> Technically you don't have to be an employed developer to become a senior developer.
That's incredibly unlikely. Do you need to be an employed surgeon to become a senior (or whatever they call it) surgeon??
I very much doubt you can be senior without having actually spent years doing it professionally. The experience is everything, no book will give you the sort of understanding you need. That's unfortunately human nature, we are not capable to learn and internalize things simply from reading or watching others do it, we absolutely need to do it ourselves to truly learn. Didactic books always have exercises for this reason.
You can learn facts and techniques from books, obviously. But just because you've read a book about Michelin restaurants that you can now be a Michelin Chef.
> That's unfortunately human nature, we are not capable to learn and internalize things simply from reading or watching others do it, we absolutely need to do it ourselves to truly learn.
That is, and has always been, true.
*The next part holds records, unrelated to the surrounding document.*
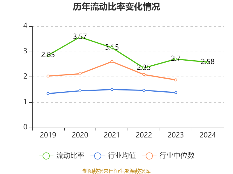 2024年,公司流动比率为2.58,速动比率为2.03。
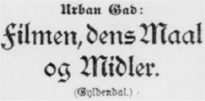 Den dag blev de første Taarer fældet i et dansk Biografteater, og det er derfor ogsaa rimeligt, at Peter Urban Gad bliver den første, der skriver en Lærebog i Kunsten at filme. Bogen udkommer i de nærmeste Dage paa Gyldendalske Forlag, og det bliver da første Gang at en af den stumme Kunsts Repræsentanter giver sig til at tale.
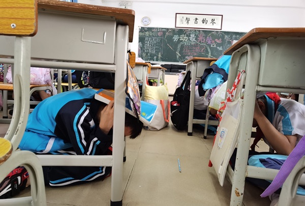 随着第一次警报响起,所有负责安全疏导的老师迅速到位,在走廊、楼梯口等处协助学生疏散逃生。正在上早读的孩子们在老师的指挥下,有的迅速蹲到课桌下,双手紧紧抱着头,有的立马用书包、书本等物品护住头部、颈部等人体要害部位。第二次警报音一响,孩子们立马从指定路线撤离,并做到神态严肃紧张,快速有序。同时,所有楼层的指挥老师也发挥着组织疏导者的作用,确保孩子们有序、安全、迅速地撤离教学楼,避免学生之间发生拥挤或者踩踏事件。各班到达指定的安全地点后,迅速清点人数,并由班长向德育原家惠副主任汇报。从第二次警报声响起到全体师生安全集中完毕,仅仅用了1分15秒,达到了预期效果。
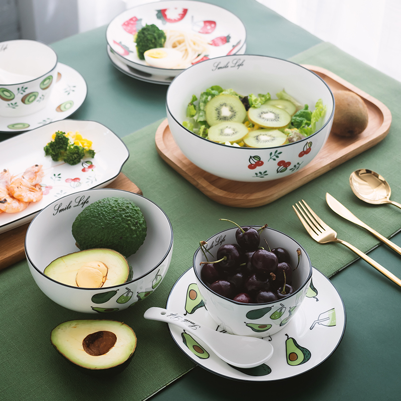 Japanese net red strawberry ceramic tableware household children's eating bowl instant noodle bowl salad bowl creative 8 inch large soup bowl
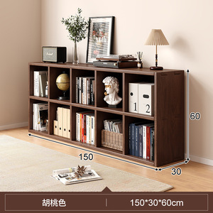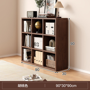 实木书架书桌组合落地胡桃木色书柜自由组合格子储物柜客厅置物柜
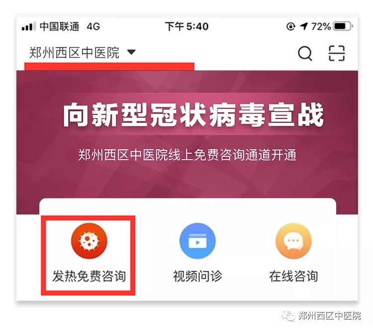 登錄后,左上角選擇“ 鄭州西區(qū)中醫(yī)院”并點(diǎn)擊“發(fā)熱免費(fèi)咨詢通道”開始申請。

Currently, however, the narrative that is sold (and unfortunately accepted by so many of the senior developers who post here) is that the experience of telling someone else to do something is just as valuable.
Maybe they mean you can be not employed and build products yourself? Technically true, but that's like running your own surgeries or something, you're still doing surgery.
Analogies to other professions give your argument an air of legitimacy, with none.
There’s plenty of people in this world who are expert programmers without following any traditional path.
“Oh yeah, like who”, you say.
Con Kolivas, anaesthetist, work on kernel schedulers including the Staircase Deadline (RSDL) scheduler which was a precursor to the Completely Fair Scheduler in Linux and the Brain Fuck Scheduler and the ck Patchset.
I've never worked in a corporate environment beyond client projects.
Picked up a book on XHTML (no, that isn't a typo) and CSS in 2007, just kept trying to build stuff I wanted to build and backfilling knowledge as I went. Not only is it possible, it's preferred. ~20 years in and I've learned how to build my own full-stack JS framework, deployment infra, a CSS framework, and an embedded database to boot.
Not one drop of this would have been possible had I taken the traditional corporate track.